§ PROVIDED MATERIAL:
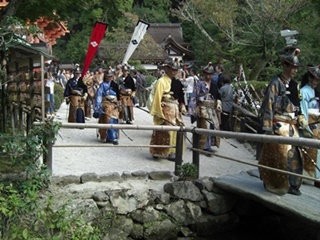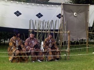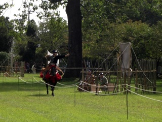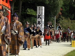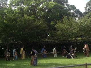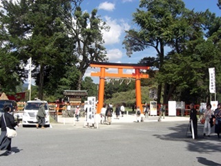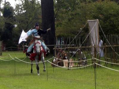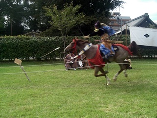 京都市北区の上賀茂神社で、大日本弓馬会による笠懸(かさがけ)が行われました。 笠懸は馬上から的に向かって矢を射るもので、流鏑馬に似ています。 流鏑馬の方がやや儀礼的だそうですが、笠懸は日本でも2か所ぐらいしか行われていません。 由来は懸けた笠だそうですが、その後は板や陶製の的が用いられました。 流鏑馬は左側にしか的を設けませんが、今回の笠懸は的が右側にもあり、射手は両側に射る ので大変だそうです。近くでしか撮影できないのでカメラが追い付かず良い撮れませんでした。往路では左側に3か所の的、復路では右側に一か所、左側に一か所の的があります。 今回の射手(いて)は9名。5名と4名に分かれて行い、上位5名が決勝進出となりました。 最初は正方形の木の板、決勝は陶製の皿状のものを2枚合わせた的が用いられました。 (2016.10.6)
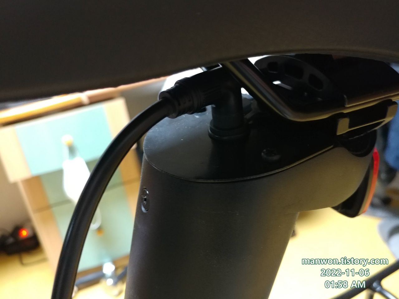 안장 밑에 있는 구멍에 충전 코드를 꼽는다.
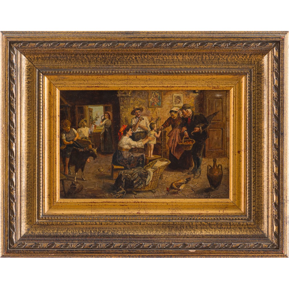 EUGENIO ZAMPIGHI, Scena di interno, Olio su tavola
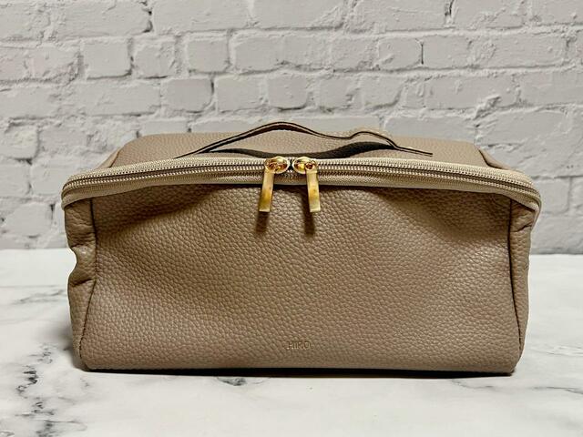 化粧水サイズのボトルなども楽々入る横幅で、マチもたっぷりあるポーチです。
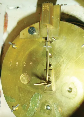 the fairly simple stone case is in nice condition with no losses or damage except for minor edge chips. The white porcelain dial has some damage at III and a few hairlines. The single-train movement carries the Japy Freres Gnd. D'Honneur stamp. Ht 10"
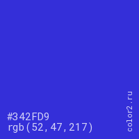 Цвет #342FD9 в цветовой модели RGB обозначается тремя октетами (52, 47, 217) в десятичном формате и #342FD9 в шестнадцатиричном (hex) формате, которые являются интенсивностью красного 52 (hex 34), интенсивность зелёного 47 (hex 2F) и интенсивность синего 217 (hex D9).

§ INSTRUCTIONS FOR THE TASK: Skipping any images, write out all the data exactly.

§ OUTPUT OF THE EXERCISE:
 京都市北区の上賀茂神社で、大日本弓馬会による笠懸(かさがけ)が行われました。 笠懸は馬上から的に向かって矢を射るもので、流鏑馬に似ています。 流鏑馬の方がやや儀礼的だそうですが、笠懸は日本でも2か所ぐらいしか行われていません。 由来は懸けた笠だそうですが、その後は板や陶製の的が用いられました。 流鏑馬は左側にしか的を設けませんが、今回の笠懸は的が右側にもあり、射手は両側に射る ので大変だそうです。近くでしか撮影できないのでカメラが追い付かず良い撮れませんでした。往路では左側に3か所の的、復路では右側に一か所、左側に一か所の的があります。 今回の射手(いて)は9名。5名と4名に分かれて行い、上位5名が決勝進出となりました。 最初は正方形の木の板、決勝は陶製の皿状のものを2枚合わせた的が用いられました。 (2016.10.6)
 안장 밑에 있는 구멍에 충전 코드를 꼽는다.
 EUGENIO ZAMPIGHI, Scena di interno, Olio su tavola
 化粧水サイズのボトルなども楽々入る横幅で、マチもたっぷりあるポーチです。
 the fairly simple stone case is in nice condition with no losses or damage except for minor edge chips. The white porcelain dial has some damage at III and a few hairlines. The single-train movement carries the Japy Freres Gnd. D'Honneur stamp. Ht 10"
 Цвет #342FD9 в цветовой модели RGB обозначается тремя октетами (52, 47, 217) в десятичном формате и #342FD9 в шестнадцатиричном (hex) формате, которые являются интенсивностью красного 52 (hex 34), интенсивность зелёного 47 (hex 2F) и интенсивность синего 217 (hex D9).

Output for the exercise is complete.